"""
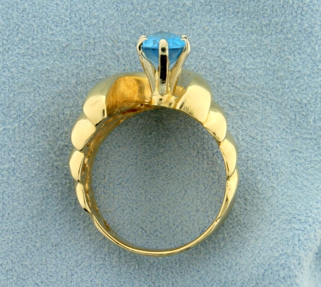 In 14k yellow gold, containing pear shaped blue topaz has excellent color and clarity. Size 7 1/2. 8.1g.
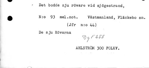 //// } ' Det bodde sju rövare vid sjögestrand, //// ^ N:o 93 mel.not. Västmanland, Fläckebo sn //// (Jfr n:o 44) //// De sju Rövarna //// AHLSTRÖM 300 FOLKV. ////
"""
"""
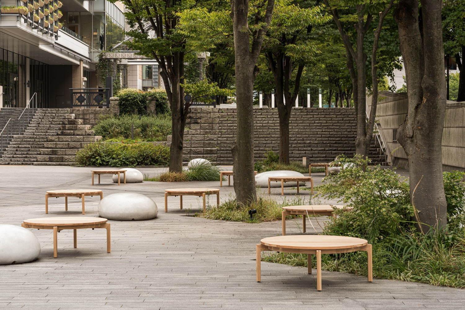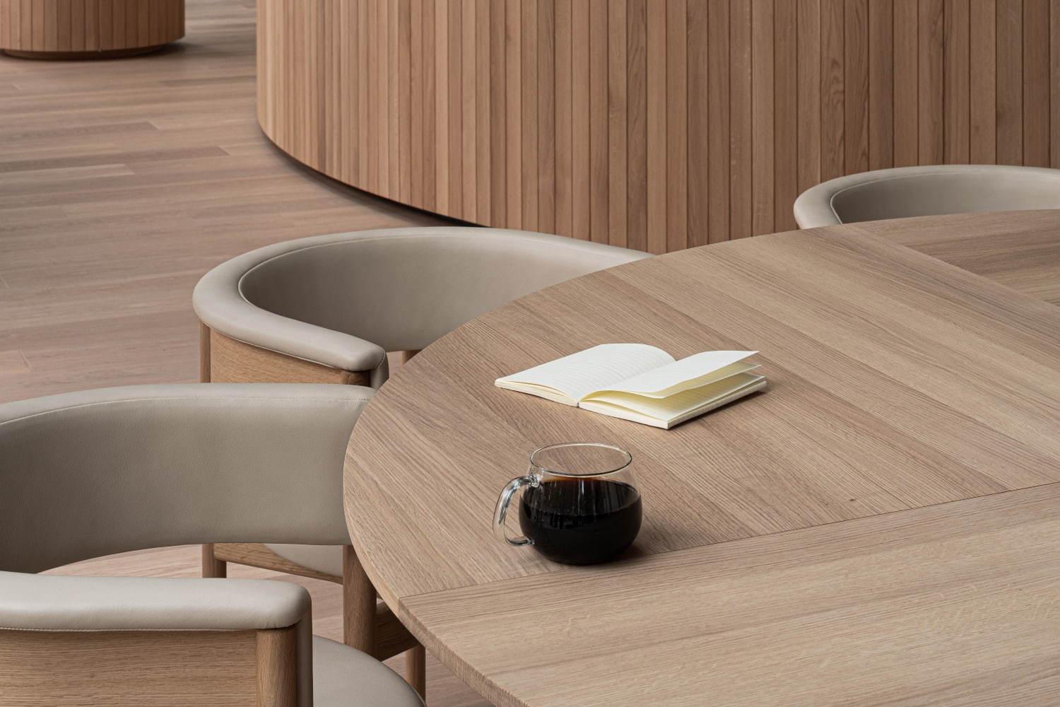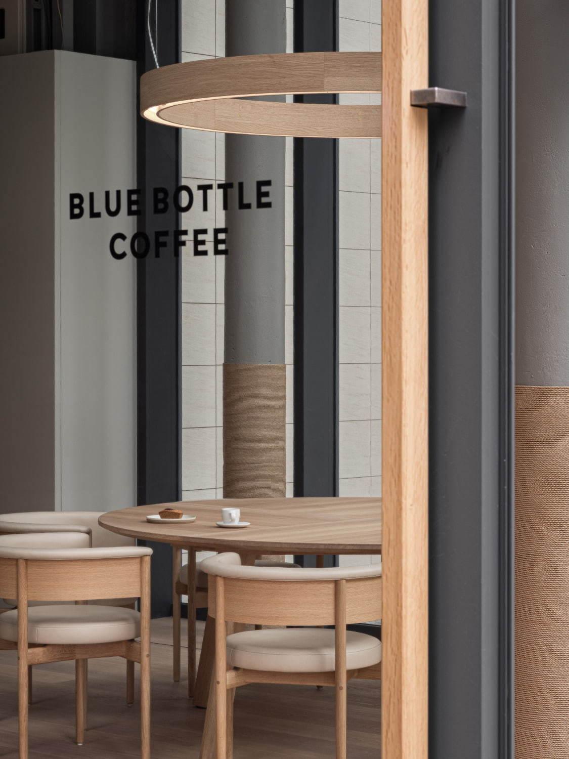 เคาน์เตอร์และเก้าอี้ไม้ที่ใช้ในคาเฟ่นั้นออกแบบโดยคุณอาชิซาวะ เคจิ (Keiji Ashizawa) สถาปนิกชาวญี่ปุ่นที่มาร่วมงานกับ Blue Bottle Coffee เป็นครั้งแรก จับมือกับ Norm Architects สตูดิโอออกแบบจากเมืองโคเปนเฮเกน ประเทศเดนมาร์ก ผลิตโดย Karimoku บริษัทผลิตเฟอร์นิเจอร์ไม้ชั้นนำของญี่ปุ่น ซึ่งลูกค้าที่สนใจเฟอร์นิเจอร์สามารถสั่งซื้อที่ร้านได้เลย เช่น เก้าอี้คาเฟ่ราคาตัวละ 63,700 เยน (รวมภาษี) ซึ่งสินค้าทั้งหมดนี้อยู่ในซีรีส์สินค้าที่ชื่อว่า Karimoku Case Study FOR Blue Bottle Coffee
"""
"""
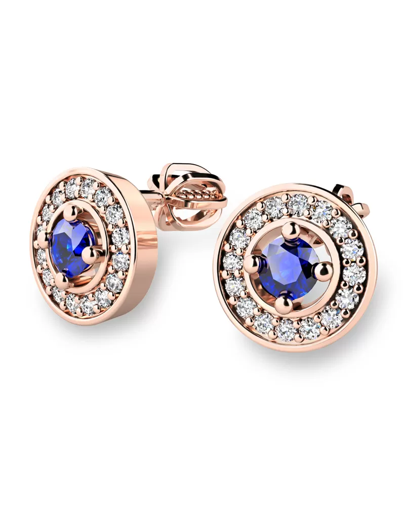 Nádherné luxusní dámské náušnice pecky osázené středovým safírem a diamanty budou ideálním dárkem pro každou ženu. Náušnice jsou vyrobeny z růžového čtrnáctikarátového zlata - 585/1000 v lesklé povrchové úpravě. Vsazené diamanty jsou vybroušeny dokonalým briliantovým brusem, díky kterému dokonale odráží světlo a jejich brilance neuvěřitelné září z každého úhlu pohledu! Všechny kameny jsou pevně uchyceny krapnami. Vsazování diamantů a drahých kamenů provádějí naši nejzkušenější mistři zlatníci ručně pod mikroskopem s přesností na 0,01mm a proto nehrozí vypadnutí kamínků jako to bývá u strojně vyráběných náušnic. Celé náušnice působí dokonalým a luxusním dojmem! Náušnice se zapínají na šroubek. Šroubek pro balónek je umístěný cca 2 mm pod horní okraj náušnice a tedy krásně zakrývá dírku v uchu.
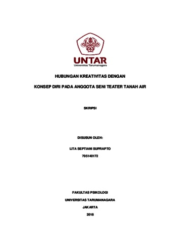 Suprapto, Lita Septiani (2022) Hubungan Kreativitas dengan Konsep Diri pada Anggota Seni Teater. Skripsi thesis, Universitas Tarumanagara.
"""
• [About this task]: With the pictures omitted, copy the entries above exactly from the line containing "In 14k yellow" through the line containing "300 FOLKV. ////", both lines included.

• [Solution for this task]:
 In 14k yellow gold, containing pear shaped blue topaz has excellent color and clarity. Size 7 1/2. 8.1g.
 //// } ' Det bodde sju rövare vid sjögestrand, //// ^ N:o 93 mel.not. Västmanland, Fläckebo sn //// (Jfr n:o 44) //// De sju Rövarna //// AHLSTRÖM 300 FOLKV. ////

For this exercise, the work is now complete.